**What is being asked**: Every line holding "with" should be copied from the records below.
== == ==
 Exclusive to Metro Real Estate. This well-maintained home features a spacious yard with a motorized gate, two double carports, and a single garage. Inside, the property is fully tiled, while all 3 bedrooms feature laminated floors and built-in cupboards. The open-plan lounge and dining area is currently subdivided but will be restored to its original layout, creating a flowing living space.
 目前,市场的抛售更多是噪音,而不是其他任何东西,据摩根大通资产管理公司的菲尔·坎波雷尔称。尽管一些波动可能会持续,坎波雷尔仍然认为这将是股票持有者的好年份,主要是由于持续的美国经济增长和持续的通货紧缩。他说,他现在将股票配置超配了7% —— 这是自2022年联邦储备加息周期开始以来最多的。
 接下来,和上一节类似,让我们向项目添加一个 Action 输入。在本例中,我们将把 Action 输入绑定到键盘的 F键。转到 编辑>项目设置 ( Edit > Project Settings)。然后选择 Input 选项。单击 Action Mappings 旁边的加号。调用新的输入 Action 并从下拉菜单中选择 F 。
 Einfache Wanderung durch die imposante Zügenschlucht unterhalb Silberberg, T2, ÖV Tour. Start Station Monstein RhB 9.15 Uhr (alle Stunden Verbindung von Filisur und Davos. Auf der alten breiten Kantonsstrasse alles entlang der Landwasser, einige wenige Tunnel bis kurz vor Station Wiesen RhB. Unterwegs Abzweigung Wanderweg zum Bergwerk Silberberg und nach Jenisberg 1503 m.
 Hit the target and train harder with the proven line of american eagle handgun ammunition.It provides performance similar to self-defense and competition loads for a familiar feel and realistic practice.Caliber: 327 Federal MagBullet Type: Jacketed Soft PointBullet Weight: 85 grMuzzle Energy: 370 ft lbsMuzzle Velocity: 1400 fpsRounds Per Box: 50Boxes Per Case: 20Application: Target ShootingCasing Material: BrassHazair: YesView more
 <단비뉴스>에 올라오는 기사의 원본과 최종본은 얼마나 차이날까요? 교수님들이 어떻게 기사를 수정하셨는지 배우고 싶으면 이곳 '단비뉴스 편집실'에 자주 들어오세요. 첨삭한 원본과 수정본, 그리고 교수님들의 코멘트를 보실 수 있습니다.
== == ==
**Output**:
 Exclusive to Metro Real Estate. This well-maintained home features a spacious yard with a motorized gate, two double carports, and a single garage. Inside, the property is fully tiled, while all 3 bedrooms feature laminated floors and built-in cupboards. The open-plan lounge and dining area is currently subdivided but will be restored to its original layout, creating a flowing living space.
 Hit the target and train harder with the proven line of american eagle handgun ammunition.It provides performance similar to self-defense and competition loads for a familiar feel and realistic practice.Caliber: 327 Federal MagBullet Type: Jacketed Soft PointBullet Weight: 85 grMuzzle Energy: 370 ft lbsMuzzle Velocity: 1400 fpsRounds Per Box: 50Boxes Per Case: 20Application: Target ShootingCasing Material: BrassHazair: YesView more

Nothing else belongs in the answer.